Fancy tag lines aside, we have come to an age of data storage like no other in the history of information retrieval. The amount of unstructured data being created on an hourly basis is mind-boggling. This includes video, photos, documents – you name it. Both consumers and businesses alike create terabytes of data and need a place to store it.
There is no one sole approach to Big Data. Many people are tempted to save everything. And while that sounds great, the long term cost in power, cooling and support makes it a fool’s game.
EMC’s Isilon is one of the leading Big Data offerings on the market. By leveraging clustered nodes and a global namespace, Isilon has managed to capture a lion’s share of the growing market of multi-petabyte storage solutions.
With the recent addition of Clustered Data ON-TAP combined with scale-out architecture and its Distributed Content Repository solution; NetApp has also joined the Big Data parade.
The business of Big Data is not just storage; it’s the business analytics behind the data that makes all this data relevant. Organizations are discovering that important predictions can be made by sorting through and analyzing Big Data.

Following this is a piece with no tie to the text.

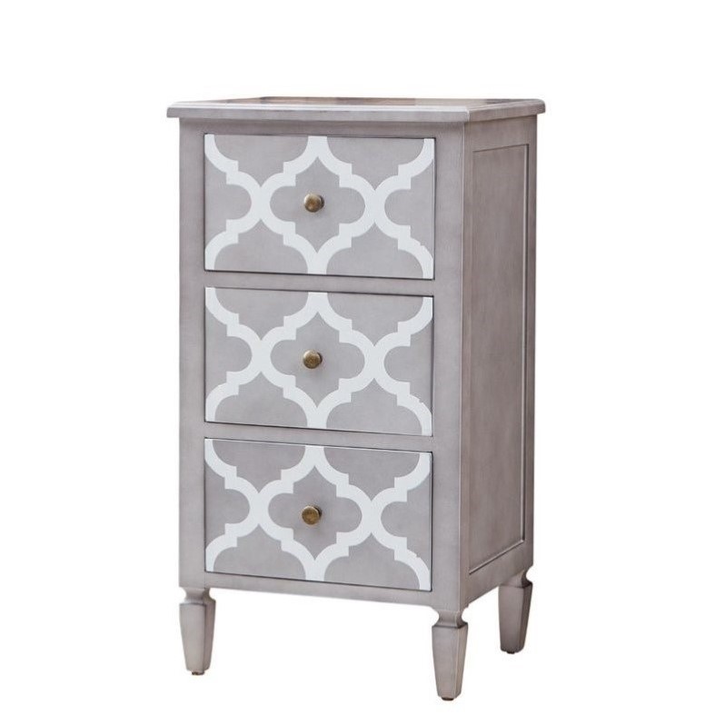| Abbyson Living - End Tables - MDP145167GRY - 3-drawer design Grey and White patternWoodGrey and White pattern31.5 inches high x 17 inches wide x 13.5 inches deep. Specifications:Assembled Dimensions: 31.5 H x 17.1 W x 13.4 DAssembled Weight: 9 lbs# of Cartons: 1Box Dimensions: 34.25 H x 16.14 W x 19.69 DCubic Feet: 6.4Loadability 20' Container: 171.88Loadability 40' HC Container: 367.19

However, since 80 percent of this data is ”unstructured,” it must be formatted (or structured) in a way that makes it suitable for data mining and subsequent analysis.
As a solution, many large organizations are turning to Apache Hadoop – an open-source software framework for storage and large scale processing of data-sets – as the core platform for structuring Big Data. Hadoop solves the problem of making Big Data useful for analytics purposes.
Where the big change in architecture will really hit home is with the move away from traditional file-based storage paradigms, to the use of object-based storage. That will allow for much larger data sets, without the legacy burden of traditional file system metadata shortcomings.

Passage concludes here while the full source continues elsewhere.